It was a hardscrabble childhood for Raymond Costa and his five brothers and sisters, growing up on a small dairy farm in the Central Valley near Turlock. Their father died when Costa was 9, and the dairy never made any money. He eventually enrolled in a community college, but flunked out. He landed a job at a local milk plant, where he worked until the plant closed down, leaving him searching for work – and a way to be his own boss.
“After I lost my job at the milk plant, I thought, ‘This isn’t going to happen to me again,’” he says.
He found work delivering packages for UPS, and spent his free time reading about business. He wasn’t a fan of fast food, but he had a dream: “I read a lot about McDonald’s, and they’ve made more millionaires than any company in the world.”
So Costa applied to a rigorous McDonald’s corporate training program that accepts five people a year. In an applicant pool of 23,000, he was rejected – twice. On his third try, he was accepted and enrolled, and on top of his 40 hours a week at UPS, worked 30 hours in McDonald’s learning the ropes before buying his first franchise in Fort Bragg at age 40. He sold that one and moved to Salinas and bought a franchise in 2000. McDonald’s owns the building and the dirt; the franchisee owns the license and all of the equipment inside. On a recent afternoon, he’s concerned about a new toaster at the Boronda store, installed just hours earlier. The buns for burger and English muffins for McMuffins should be heated to about 170 degrees, warm to the touch; he spears a bun using a thermometer with a long needle, and the temperature reads 165. They’ll need to adjust the controls.
The toaster sits at the beginning of an assembly line and a crew busily prepares an order of 11 Egg McMuffins, starting by cracking eggs into the poacher. Costa enumerates the ways in which he thinks McDonald’s is misunderstood: They use real eggs and real coffee beans they grind for espresso drinks in the store. They now serve apple slices with happy meals (and a smaller serving of fries); as a result McDonald’s is now the largest purveyor of apples in the country.

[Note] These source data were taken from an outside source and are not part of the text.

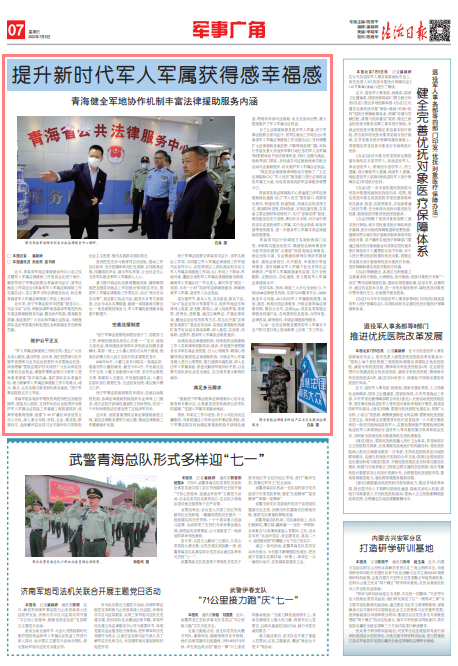 青海軍地各級涉軍維權(quán)機構(gòu)堅持把弘揚愛國擁軍,營造關(guān)心國防、支持軍隊的社會氛圍作為維護(hù)軍人軍屬合法權(quán)益工作基礎(chǔ)工程抓緊抓好。統(tǒng)籌軍地教育資源,組建“1+8+N”藏漢雙語宣傳文化小分隊,深入重點寺院、學(xué)校、企業(yè)、敬老院、聯(lián)建村莊,赴涉藏州縣宣講習(xí)近平新時代中國特色社會主義思想,強化各族群眾國防觀念。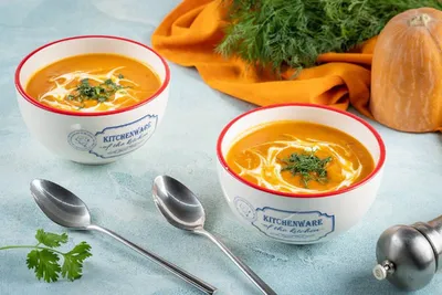 Тыквенный суп 📖 Ингредиенты: - Мякоть тыквы - 500 г. - Морковь - 1 шт. - Картофель - 1 шт. - Лук - 1 шт. - Чеснок - 2 зубчика - Орегано - 1 ч. л. - Паприка - 0,5 ч. л. - Соль - 2 ч. л. - Во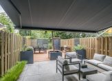 Fraai aangelegde 11.5 meter diepe achtertuin met betegeld terras op het zuiden voorzien van elektrische zonwering, composiet vlonder terras, tuinberging, houten erfafscheidingen en een heerlijke steiger aan de singel met groen omgeven voor veel privacy.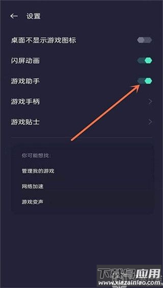 在设置页面内找到游戏助手功能并将其开启;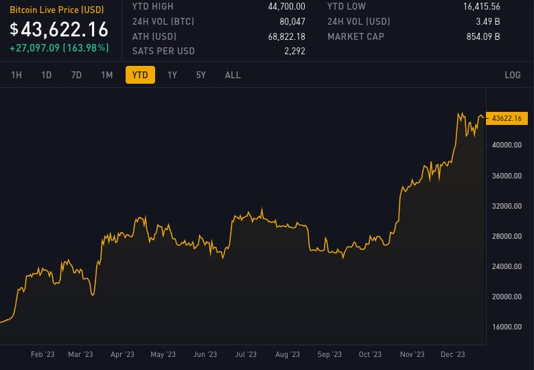 Adoption remains steadfast, showing no signs of slowing down, while mainstream media has begun extensively covering Bitcoin in Q4 of '23. Despite media-induced recession fears, the stock market is nearing new highs. Even as pessimism persists, recent reports from Coinbase and other major institutional asset managers indicate that Bitcoin is likely to outperform despite a sluggish economic forecast.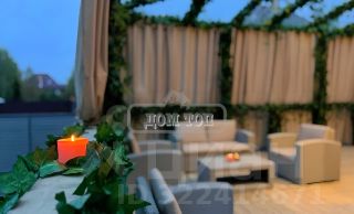 УЧАСТОК: 15 соток. Высажен газон. Очень красивая терраса с садовой мебелью. Мангальная зона. Открытая парковка на 3 автомобиля.

Sodium levels has been subtly shrinking. When they introduced smoothies 10 years ago, they bought 43 million pounds of frozen strawberries out of Watsonville – just to start. And within a few months, they’ll be switching the beef in quarter-pounders from frozen to fresh. The price, $4.69, will not change.
There’s a devoted following for McDonald’s coffee, in particular among seniors, who pay 65 cents and get free refills. One regular, 71-year-old Zygmunt Leszczynski, comes in daily around noon for coffee. Leszczynski says he’s never found the same boost anywhere else: “It gives me a jump start, a burst of energy,” he says. “It’s so cheap, sometimes I feel like I’m stealing.”

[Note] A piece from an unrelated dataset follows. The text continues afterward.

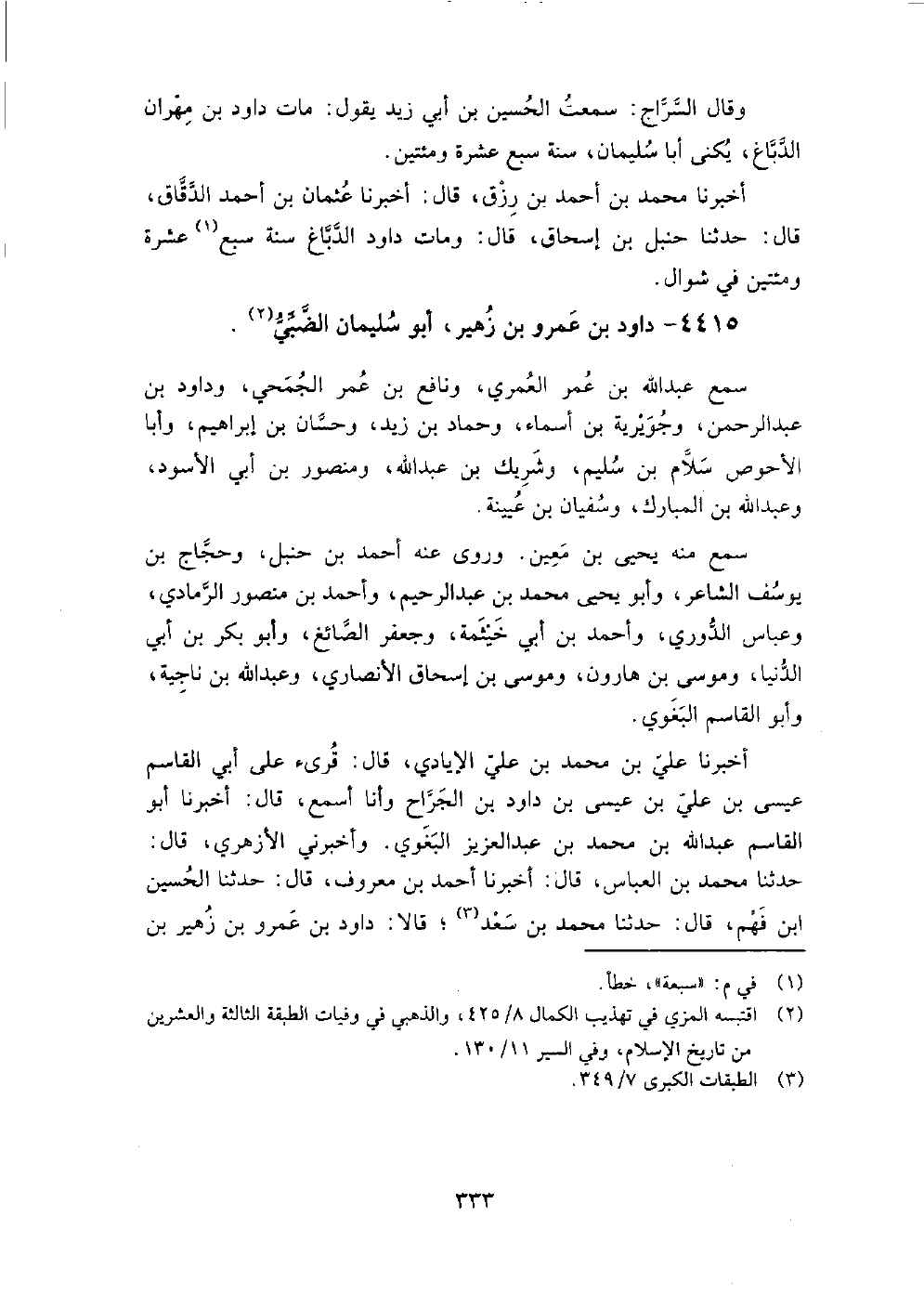 4415 - داود بْن عَمْرو زهير أَبُو سُلَيْمَان الضبي سمع عَبْد اللَّهِ بْن عُمَر العمري، وَنافع بْن عُمَر الجمحي، وَداود بْن عَبْد الرَّحْمَنِ، وَجويرية بْن أسماء، وَحماد بْن زيد، وَحسان بْن إِبْرَاهِيمَ، وَأبا الأحوص سلام بْن سليم، وَشريك بْن عَبْد اللَّهِ، وَمنصور بْن أَبِي الأسود، وَعبد اللَّه بْن المبارك، وَسفيان بْن عيينة.

Margins are small, and expected to get smaller with rising costs, in particular minimum wage. Costa is eyeing more franchises, and says that’s the corporate vision: fewer franchisees who each own more stores as a more effective business model. (As his own small empire has grown, so too has the corporate scale: The Alisal store is McDonald’s No. 690, and Greenfield, which opened in 2016, is No. 37,400.)
As Costa has built his business, he has also cultivated a charity. Last year, he put $100,000 into a scholarship fund at the Community Foundation for Monterey County. Employees and their family members can apply for up to $5,000 toward tuition costs, something Costa intends to continue doing annually. His own son is now studying communications at Arizona State University.
“My message to my son is, don’t do it my way. Go get an education. I worked twice as hard as I should’ve to get where I got.”
Even today, Costa allows himself just one afternoon off, usually Sundays, each week. He says he wears out a pickup truck every three or four years driving around to all 10 stores, from Salinas to King City, delivering parts, fixing stuff and checking in. Six months ago, he got his first office space, where he and his management team will work on training materials – for 700 employees.
“It’s been a rags-to-riches story,” he says. “It’s been a lot of hard work.”
And it’s built on the simple concept of the all-American food: the burger. “There’s nothing better than a hamburger,” Costa says. (Chicken is more popular in California, but burgers remain king on the East Coast, he adds: “They’re red meat people over there.”)
His favorite menu item is the small hamburger, but he’s partial to the burgers he makes himself at home using ground beef from Star Market. After wrapping up a burger-and-fries lunch at the Boronda store, he says, “There’s nothing better than a burger. I’ll eat one here, then tonight I’ll go barbecue a burger for dinner.”